The clampdown coincides with similar initiatives by other Spanish holiday hotspots. Last week, Lanzarote declared itself a “tourist-saturated area” and announced plans to limit the number of UK visitors it receives.

JAIME REINA/AFP or licensors
British tourists celebrate in Punta Ballena street in the Magaluf holiday resort in Calvia, on the Spanish Mallorca Island.JAIME REINA/AFP or licensors

How is Mallorca limiting budget tourism?

Mallorca is looking to cap the number of hotel beds for tourists to combat overcrowding, the island’s governing councils announced last year.

The plan is to set a cap of 430,000 tourist beds across the island, with the President of the Mallorca Council, Catalina Cladera, saying they want “tourism of greater value and less volume”.

After COVID-19 travel restrictions were lifted, the island saw unprecedented visitor numbers last summer. Tourists rapidly filled hotel rooms and holiday rentals with Cladera admitting that “the recurring debate about overcrowding is back”.

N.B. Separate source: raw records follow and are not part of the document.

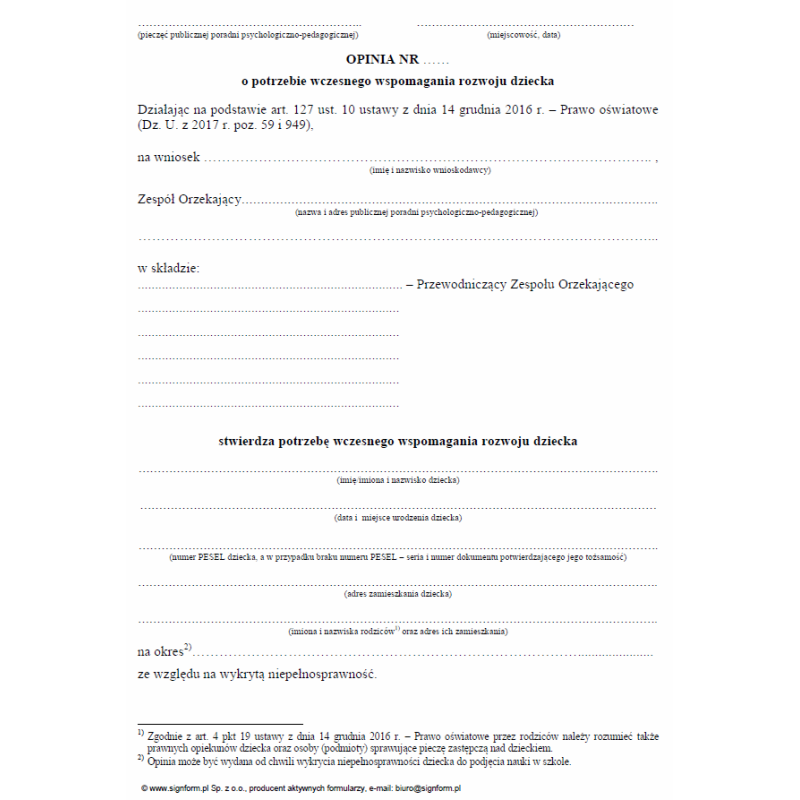 Opinia o potrzebie wczesnego wspomagania rozwoju dziecka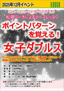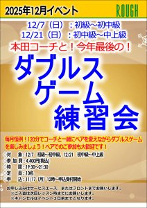 7日(日)19:30~21:30 初級~初中級 ダブルス練習会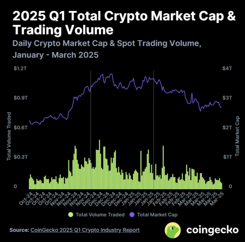 - 올해 1분기 가상자산 전체 시가총액이 전분기 대비 18.6% 하락했다고 코인게코 보고서가 밝혔다.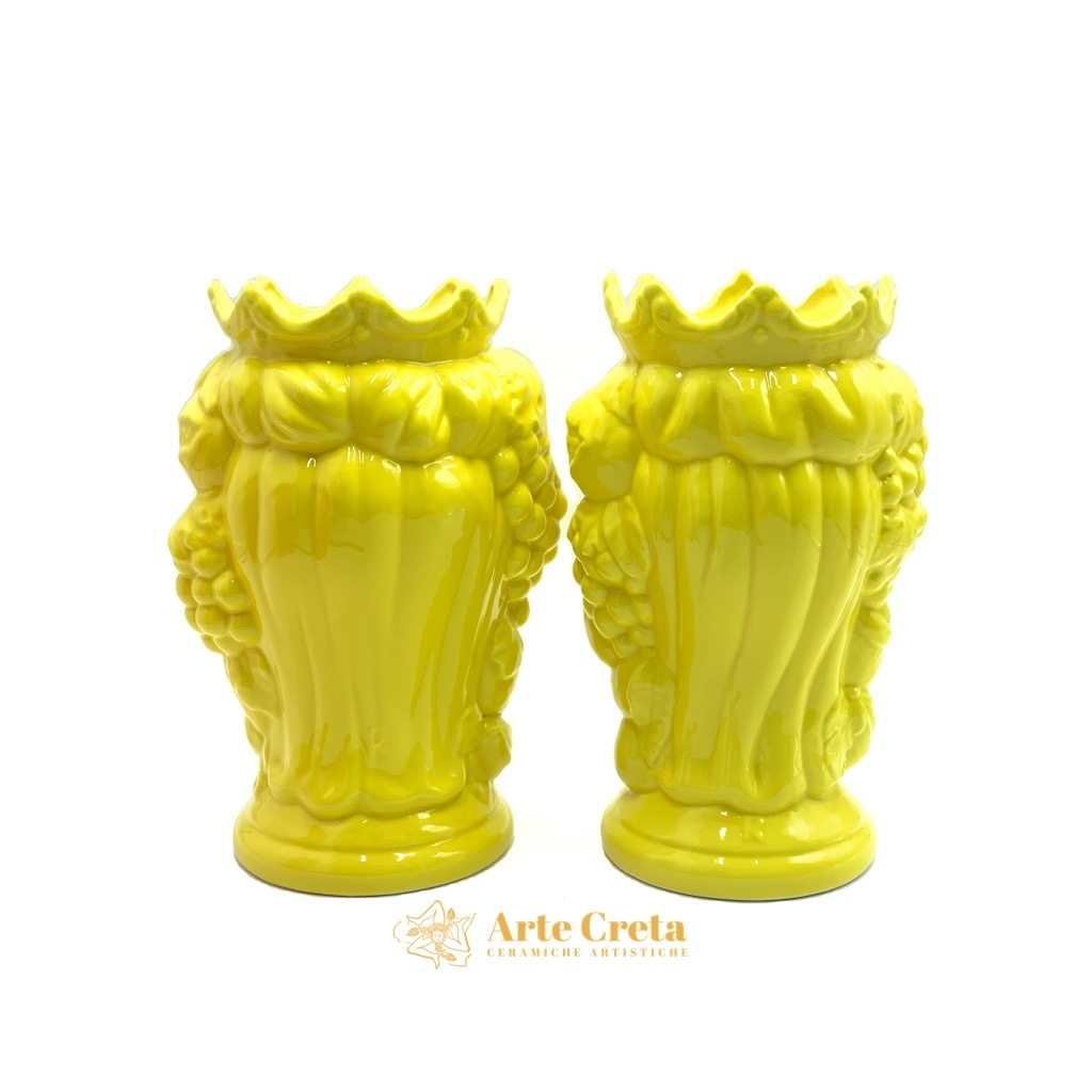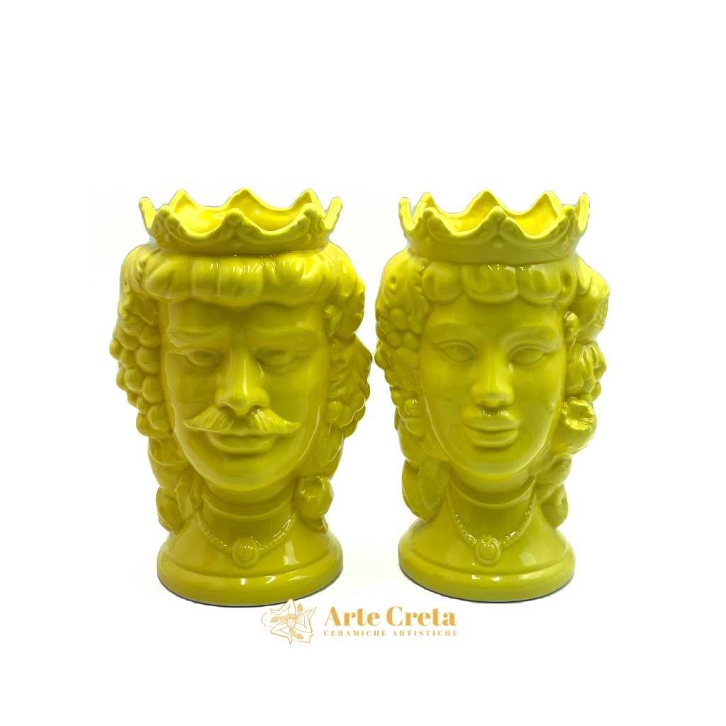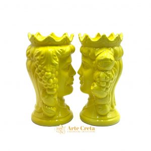 Coppia Testa di Moro Frutta Giallo cm.27. Ceramiche realizzate a mano, in maniera del tutto artigianale, da Arte Creta – Ceramiche Artistiche Siciliane – Caltanissetta, Sicilia.

“I won’t deny it, there has been overcrowding this summer,” she said. “However, only in some places and at certain times.”

Mallorca Council confirmed it will be reassessing its tourism plan and cutting the number of visitors to the island. There will be a limit on the number of hotel beds and how they can be marketed.

It also announced an increase in the number of tourism inspectors to carry out checks on illegal holiday lets.

Popular party destinations are cracking down on drunk tourists

Across the Balearic Islands, authorities have introduced a number of tough regulations this year in an attempt to reduce overcrowding. Drunken tourists that previously crowded the streets have been a particular target for the new rules.

Alcohol limits have been imposed at many all-inclusive resorts in Magaluf, El Arenal and on the island of Ibiza. Guests in some locations have been limited to three drinks at dinner and three drinks at lunch - any further alcoholic beverages have to be purchased separately.

The legislation also banned happy hours, pub crawls, two-for-one drink offers, the sale of alcohol in shops between 9:30pm and 8am, and the advertising of party boats in certain areas.


This summer, one of Mallorca’s most popular party resorts, Playa de Palma, banned people wearing football shirts from entering restaurants. Business owners came together to create a dress code aimed at reducing rowdy behaviour.

Ibiza in particular is looking to distance itself from its reputation as a drunken party destination. Local authorities are instead hoping to focus on more sustainable tourism like the island’s numerous wellness and eco-resorts.